I’m sick and tired of reading about all these little pukes who can’t find a date or their soul mate. I know that your column is meant to give advice to the unfortunate in the world of “love,” but I feel that these people abuse your infinite wisdom and knowledge when it comes to finding love. My predicament is what your column is really all about. I have a real meat and potatoes question.
I have been dating this woman for an eternity (Man Time), about five weeks (Real Time). We have hit it off really good and it has now led to sack time. We are both compatible and really enjoy each other. I enjoy pleasing my partner – especially when it comes to oral sex. Now I’ll be honest with you, sometimes my tongue slips and I hit the Back Door and, to be more honest, I don’t mind. But the old lady complains about it and I’m getting fed up. Oh great one, should I just dump her and find someone who appreciates this art form, or should I hang on and put up with the bitchin’?
P.S. I’ll be in the variations section of the personal ads (for any interested party).
Let me get this straight – you’re compatible and you really enjoy each other, but you’re thinking of breaking up because she won’t let you lick her ass? That’s utterly ridiculous. It’s not like she’s refusing to give you blow jobs. As for the whole thing about your tongue “slipping” – you’re either joking, or you’re the world’s dumbest liar. I’m going to assume you’re joking.
Obviously, licking ass is very important to you. Is that all you want? Perhaps rim jobs are merely the prelude to more adventurous butt games. Licking someone’s ass is like knocking on her Back Door, asking if you can come in. A friend of mine (who read your letter) is convinced that you’re trying to slip Mr. Happy into your girlfriend’s patootie. Maybe your girlfriend is thinking the same thing. For the sake of argument, let’s assume that you just want to tickle her tushy with your tongue. Maybe you should make it clear that you have no greater ambitions in the rump region, like when Hitler told Chamberlain he was only interested in Czechoslovakia.
That may not be enough. When it comes to butt sex, there are five different types of people:
Type 1 – The Tight-Asses) They don’t want anything going in, on, or near their ass. (Some people may resent the term “tight-ass,” but it seems unavoidably accurate to me.)
Type 2 – The Tushy Teasers) They indulge in modest butt-play. Light touching, maybe a kiss on the ‘cheek’ or stroking a finger over the fudge factory, but no penetration.
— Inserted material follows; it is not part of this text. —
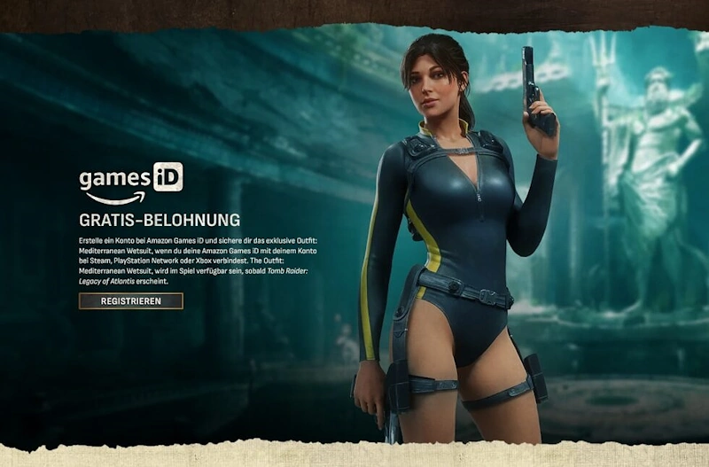 Für Tomb Raider: Legacy of Atlantis wurde ein exklusives Bonus-Outfit enthüllt. Spieler erhalten den „Mediterranean Wetsuit“ für Lara Croft kostenlos, wenn sie ihr Spielkonto mit einer Amazon Games iD verknüpfen.

Type 3 – The Digit Diddlers, or Oral ASSistants) They occasionally enjoy a frisky finger in the funnel, especially a digit in the derriere during oral sex.
Type 4 – The Butt-Bangers) They like being buggered by dicks, dildos, and/or the occasional piano leg.
If your girlfriend is a Type 1 Tight-Ass, you should put the kibosh on kissing her caboose. However, if she’s a Type 2 Tushy-Teaser (but she thinks you’re looking for a Type 4 Butt-Banger), you can probably work things out. Either way, it shouldn’t matter. She sounds like a cool woman, and wouldn’t you rather be with a cool woman who won’t let you lick her ass than be alone? Would you prefer dating a heinous bitch who lets you play tongue-doctor all day long?
A fetish is a tricky thing. It can be fun, but it can also be destructive. You should ask yourself how important this fetish is to you. Are you willing to sacrifice a relationship because of it? Only you can answer that question.